I suspect (without having tested it thoroughly) that a significant
proportion of the time saved on the path-walk side is because we found
better deltas that are easier to compress, as a result of a more
well-tuned search technique. I don't think you necessarily have to get
too far into the details here, but I was curious (not for commit message
polishing, but purely for my own curiosity) if you had any thoughts or
measurements of why this might be the case.
But...
> --path-walk feature frequently takes longer than --name-hash-verison=2,
> trading some extrac computation for some additional compression. The
s/extrac/extra/
> natural place where this additional computation comes from is the two
> compression passes that --path-walk takes, though the first pass is
> naturally faster due to the path boundaries avoiding a number of delta
> compression attempts.
... I should have kept reading before commenting the above! ;-)
> Signed-off-by: Derrick Stolee <stolee@gmail.com>
> ---
> builtin/pack-objects.c | 163 ++++++++++++++++++++++++++++++++++++++++-
> 1 file changed, 161 insertions(+), 2 deletions(-)
>
> diff --git a/builtin/pack-objects.c b/builtin/pack-objects.c
> index d4e05ca4434..2a6246c1e78 100644
> --- a/builtin/pack-objects.c
> +++ b/builtin/pack-objects.c
> @@ -2964,6 +2964,7 @@ static void find_deltas(struct object_entry **list, unsigned *list_size,
> struct thread_params {
> pthread_t thread;
> struct object_entry **list;
> + struct packing_region *regions;
> unsigned list_size;
> unsigned remaining;
> int window;
> @@ -3281,6 +3282,164 @@ static void find_deltas_by_region(struct object_entry *list,
> stop_progress(&progress_state);
> }
>
> +static void *threaded_find_deltas_by_path(void *arg)
> +{
> + struct thread_params *me = arg;
> +
> + progress_lock();
> + while (me->remaining) {
> + while (me->remaining) {
I am not quite following the double-while loop here. Could you help
clarify what's going on here? Is this due to the work-stealing below?

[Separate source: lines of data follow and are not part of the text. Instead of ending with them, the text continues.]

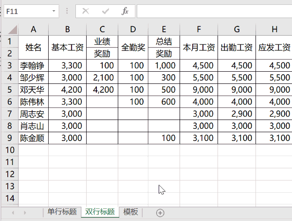 单双行工资条都支持,将工资明细表复制到模板这个表,单击二维码,选择标题的区域,即可生成工资条。
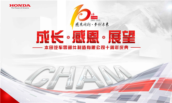 2015年9月19日,本田汽车零部件制造有限公司在文体活动中心隆重举行成立10周年庆典。在全场员工以及来宾的倒数声中,主题为:成长、感恩、展望的庆典仪式正式拉开帷幕。
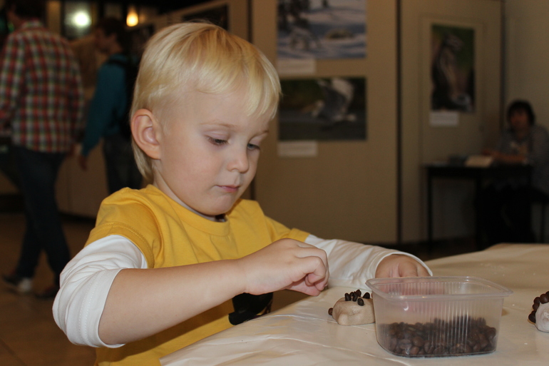 Всё так и есть. Только в субботу много посетителей, немного сумбурно. И конечно, мало что рассчитано на наш возраст, но Кирюша нашел для себя массу интересного. Первое, что попалось ему на глаза... конечно же, ЕЖИ!
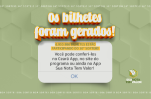 A Secretaria da Fazenda do Ceará (Sefaz-CE) informa que já estão disponíveis os bilhetes que concorrerão ao 29° sorteio do Sua Nota Tem Valor. Os
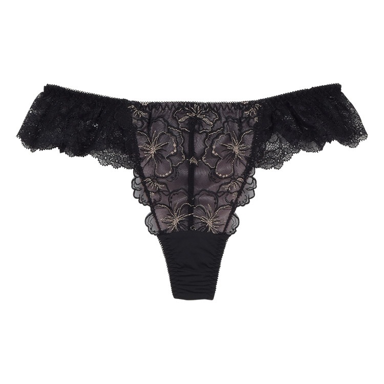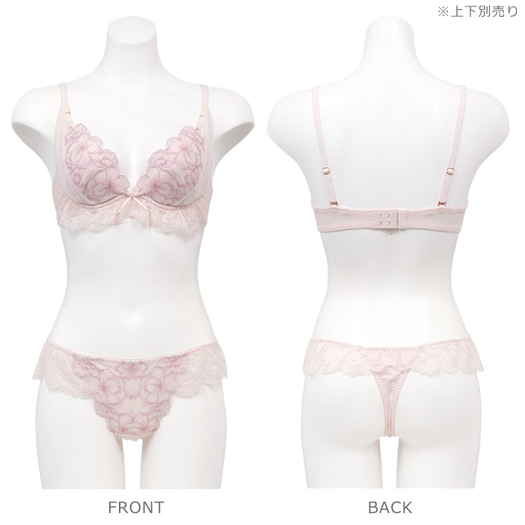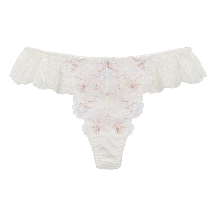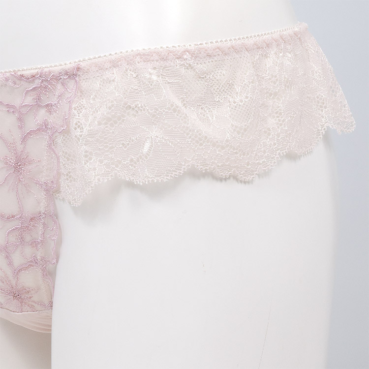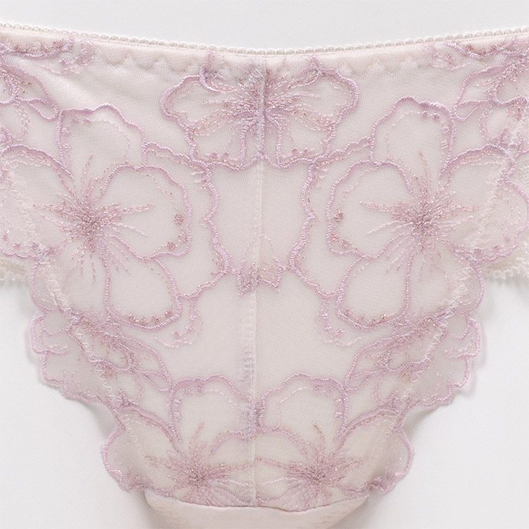 - フロントは花柄チュールレースの花びらが付け根に寄り添い、脚を美しく魅せるデザイン。

> +static void ll_find_deltas_by_region(struct object_entry *list,
> + struct packing_region *regions,
> + uint32_t start, uint32_t nr)
> +{
> + struct thread_params *p;
> + int i, ret, active_threads = 0;
> + unsigned int processed = 0;
> + uint32_t progress_nr;
> + init_threaded_search();
> +
> + if (!nr)
> + return;
> +
> + progress_nr = regions[nr - 1].start + regions[nr - 1].nr;
> + if (delta_search_threads <= 1) {
> + find_deltas_by_region(list, regions, start, nr);
> + cleanup_threaded_search();
> + return;
> + }
> +
> + if (progress > pack_to_stdout)
> + fprintf_ln(stderr, _("Path-based delta compression using up to %d threads"),
> + delta_search_threads);
This looks a copy-and-paste from the non-path-walk code, but I wonder if
it might be worth using Q_() here instead of _() to provide better
output in the case that delta_search_threads is 1.
The rest of the implementation of ll_find_deltas_by_region() looks good
to me.
Thanks,
Taylor
next prev parent reply other threads:[~2025-05-07 1:33 UTC|newest]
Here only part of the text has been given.